Ocean heating will increase rainfall in east Asia, study suggests

A Rutgers researcher is a co-author of a study that suggests that the East Asian monsoon season will likely get wetter as a result of upper ocean warming in the equatorial Pacific, a crucial oceanographic region in Earth’s climate system.

Tropical storm intensification, which derives its energy from the ocean’s surface, has been linked to recent increases in ocean heat content, where energy is absorbed by the seas.

But the relationship between ocean warming and rainfall on land is less certain.

An investigation examining this connection was published in the journal Nature.

Our research suggests that variations in ocean thermal structure influence how moisture and latent heat are transported and what happens to them once they reach land, according to Yair Rosenthal, a professor of marine and coastal sciences at the School of Art and Sciences and School of Environmental and Biological Sciences at Rutgers University.
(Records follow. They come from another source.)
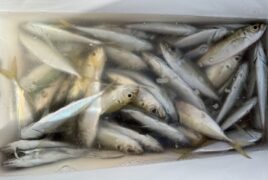 手漕ぎボートで岡崎さんがアオリイカ、アジをゲット。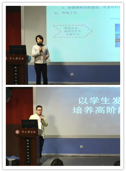 现场评审历时四个多小时。参赛教师(团队)依托不同学科专业的课程,围绕“以学生发展为中心”的教育理念,展示教学改革上的创新举措,分享教学创新成果,结合参赛课程进行教学创新设计汇报。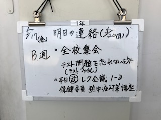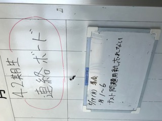 職員室前の扉付近には、明日の予定や今日の予定が書かれているミニボードがあります。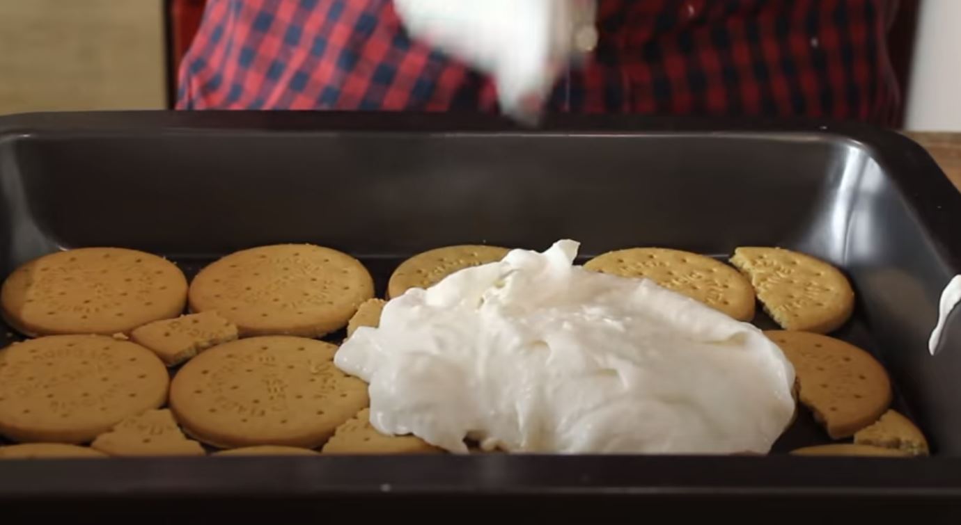 Στρώνουμε σε ένα ταψί στην βάση τα μπισκότα και απο πάνω απλώνουμε μια στρώση απο το μισό μειγμα κρεμας-σαντιγύ.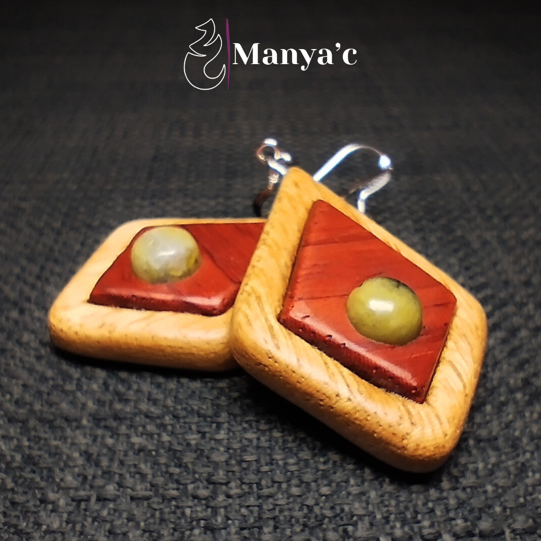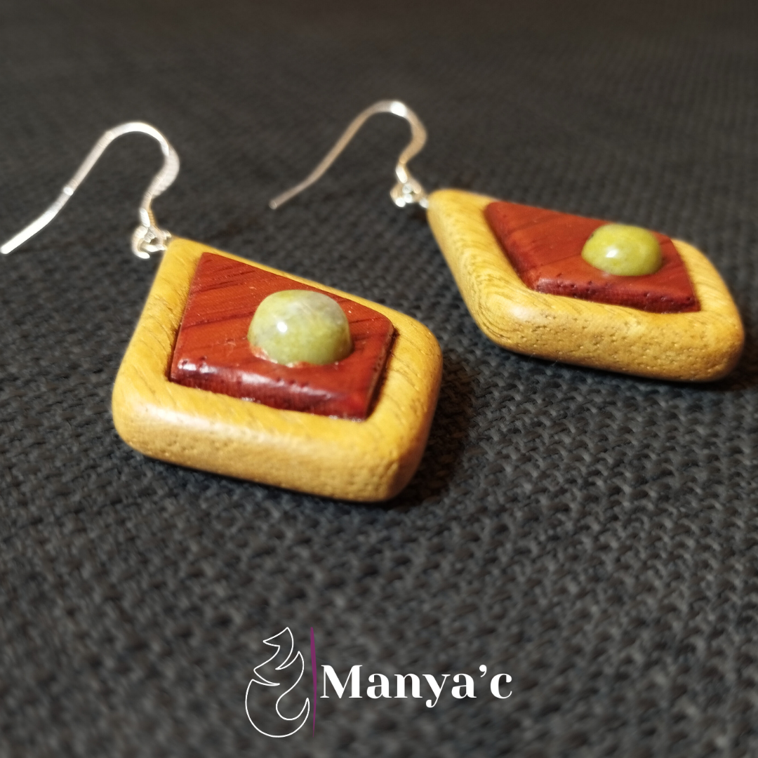 - Boucles d’oreille en bois de Movingui et Padouk et pierre naturelle de Serpentine (Origine: local, montagne du Costabona, Catalunya)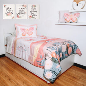 ¡Descubre la magia de la colección Atrapasueños! Este edredón con estampado de mariposas es la pieza central que tu hija necesita para transformar su habitación en un rincón de ensueño. Su diseño inspirado en los atrapasueños aporta un toque de espiritualidad y protección, creando un espacio lleno de tranquilidad y alegría.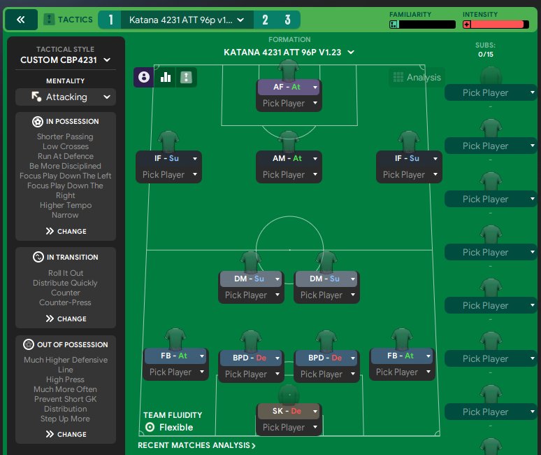 following recent trend trying Katana with regista and PI changes to the right side of the pitch

According to Rosenthal, variations in the latitudinal temperature gradient—the difference in sea surface temperature between low and high latitudes—control not just how energy is absorbed by the equatorial upper ocean but also how winds transport ocean moisture to land.

The Indo-Pacific Warm Pool is a region where sea surface temperatures remain above 82°F year-round.

The study, led by Zhimin Jian of Tongji University in China, found that increases in monsoonal rain in eastern China over the past 360,000 years correlated with increases in the heat content of the region.

This correlation is likely due to the enhanced transport of moisture and latent heat absorbed in the water vapor from the ocean to the continent.

According to the study, fluctuations in the Earth’s orbit, which happen roughly every 23,000 years and alter the distribution of incoming solar energy at each latitude, cause changes in the top ocean’s heat content.

The scientists rebuilt how the upper ocean thermal structure obtains its heat and energy by utilizing two foraminifera species, calcareous marine creatures, one of which is a surface dweller and the other of which lives about 200 meters below the sea surface.

They compared their findings to simulations of climate models and reconstructions of the monsoonal precipitation in eastern China during the same time frame.

According to the researchers, the linkage of ocean heat content and monsoon variations, which are both synchronized by insolation changes at astronomical timescales, is essential for controlling the global hydroclimate.